Mantis Technologies

Regression-Oriented Exam Questions

Please answer the following questions on the basis of what you learned from your analysis of the experimental data collected by Mantis Technologies.

Part I:

We’ll start with a simple subset of the Mantis Technologies data. After bringing the data into KStat, please insert a blank row at Row 32 of the “Data” page. This should leave you working with just the first 30 observations, i.e., office workers who were given classroom training. We’ll also just work with the three basic variables LnxProd, MSProd, and Sex.

Give a 95%-confidence interval (using this sample of 30 workers) for the mean productivity of workers under the current (Microsoft-based) software setup.
Roughly how large a sample would be required to make the preceding estimate with a margin of error (at the 95%-confidence level) of only 2 productivity points?
Are the male office workers, on average, currently more or less productive under Microsoft Windows than the female workers? How strong is the evidence that the Windows-productivity difference between the sexes is a real difference?
What fraction of the variance in Linux productivity after classroom training can be explained by the facts that Windows productivity varies across the workers, and that some of the workers are male and others female?
What Linux productivity score would you predict for a female worker with a current Microsoft Windows productivity score of 50, after classroom training?
Give a 95%-confidence interval for your answer to (5).
What is the average productivity score using Linux (after classroom training) that you expect to get from workers with a current Microsoft Windows productivity score of 60?
Give a 95%-confidence interval for your answer to (7).
Give a 95%-confidence interval for the average increase in productivity score (in moving from Microsoft Windows to Linux) of workers put through the classroom training program.

After regressing LnxProd onto MSProd and Sex, look at the “Model Analysis” page.
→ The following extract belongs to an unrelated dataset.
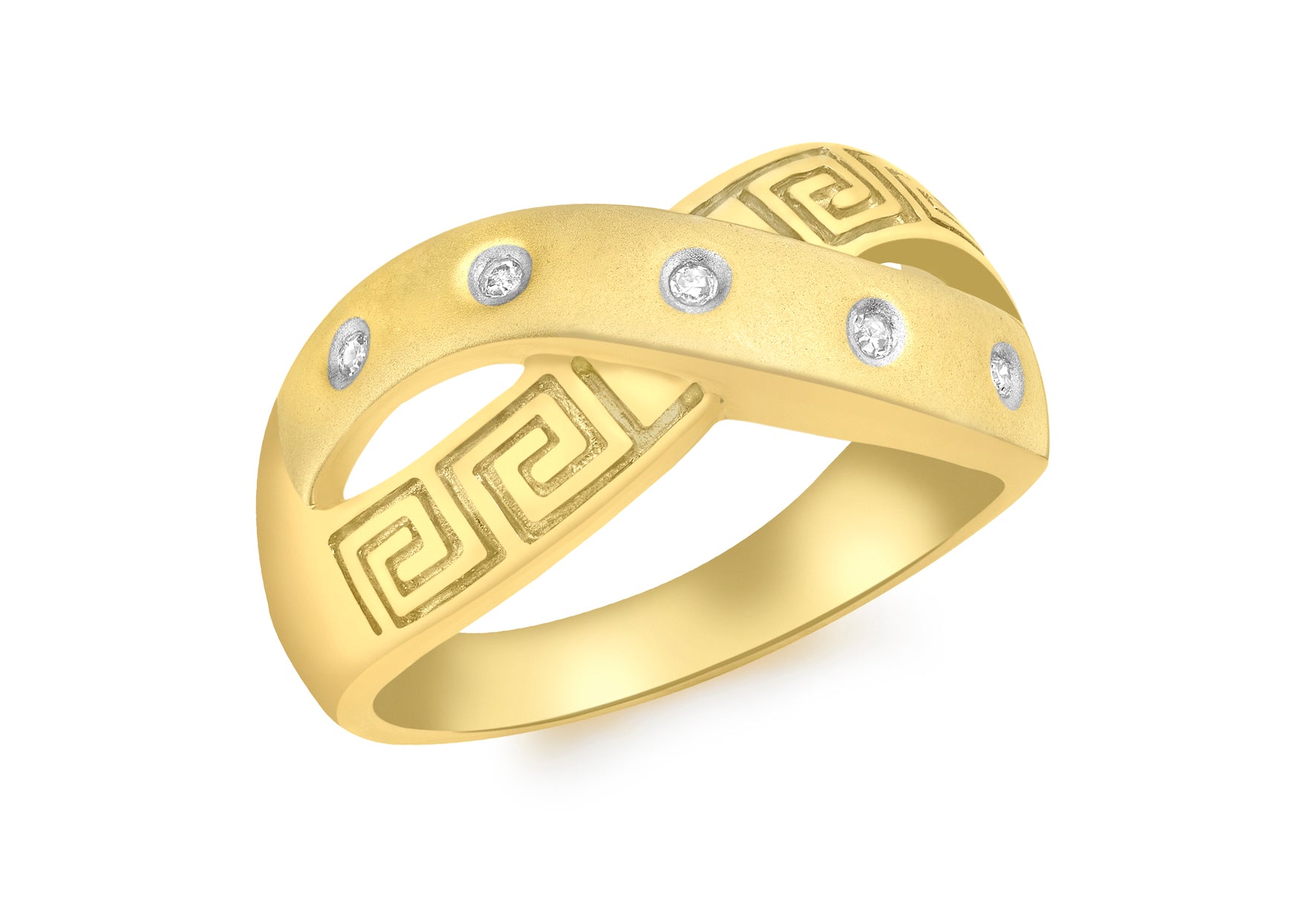 9ct Yellow Gold 0.04ct Diamond Greek Key Crossover Ring

Five workers are flagged as having high leverage. Why? (Answer as precisely as you can, in terms of the real world [i.e., I don’t just want a definition of leverage], with a single sentence.)

Part II:

Please restore the original dataset, with all 90 observations. You should be able to do this by simply removing the blank row you inserted earlier. For this section, we’ll ignore Sex and Age in our analyses.
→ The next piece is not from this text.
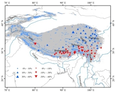 研究结果表明:以帕隆94号冰川为代表的藏东南海洋性冰川近30年来呈现明显的冰量波动变化,上世纪80年代以物质平衡偏正为主,90年代初出现明显的负平衡特征, 后期有微弱正平衡的趋势, 2003年后本区冰川物质平衡发生突变,呈现显著的冰量损失(图1)。通过分析500 hPa位势高度与风场发现:由于青藏高原南北部受不同的反气旋和气旋环流控制,近期印度季风影响下的藏东南地区气候为暖干组合,而高原中北部为相对暖湿的气候组合(图2)。因此相比高原中北部及天山地区冰川(图3),印度季风影响下的藏东南海洋性冰川近期正经历更为显著的冰量亏损。

After regressing LnxProd onto MSProd, at what graph would you look (other than at the direct scatterplot of the two variables) to see if there is any sign of a nonlinear relationship involving MSProd?
Create a new variable (from MSProd) to help capture the nonlinearity. Regress LnxProd onto both MSProd-based variables. How strong is the evidence that this new variable belongs in your model? (Cite a relevant significance level.)
At what level of current (Microsoft Windows) productivity does the predicted Linux productivity peak?
Using the model in (2), predict the Linux productivity for a worker with a current Windows productivity of 30.
Taking both MSProd-based variables and the type of training program into account, how strong is the evidence that the type of training program makes a difference in predicting productivity using Linux? (Cite a relevant significance level, and say where you found it.)
Using the same regression model as in (5), give a 95%-confidence interval for the average difference in Linux productivity you'd expect to see if workers were trained using videotapes rather than in a classroom.

Part III:

For the rest of our analysis, we'll throw out the last 30 observations, which correspond to videotape training. (Do this by going to your “Data” page and inserting a blank row at Row 62.) This should leave you with 60 observations. Since we’re just looking at classroom-based and Web-based training programs, the “Video” column of data will be irrelevant in all further analysis: The “Web” column will represent the difference between the two remaining types of program.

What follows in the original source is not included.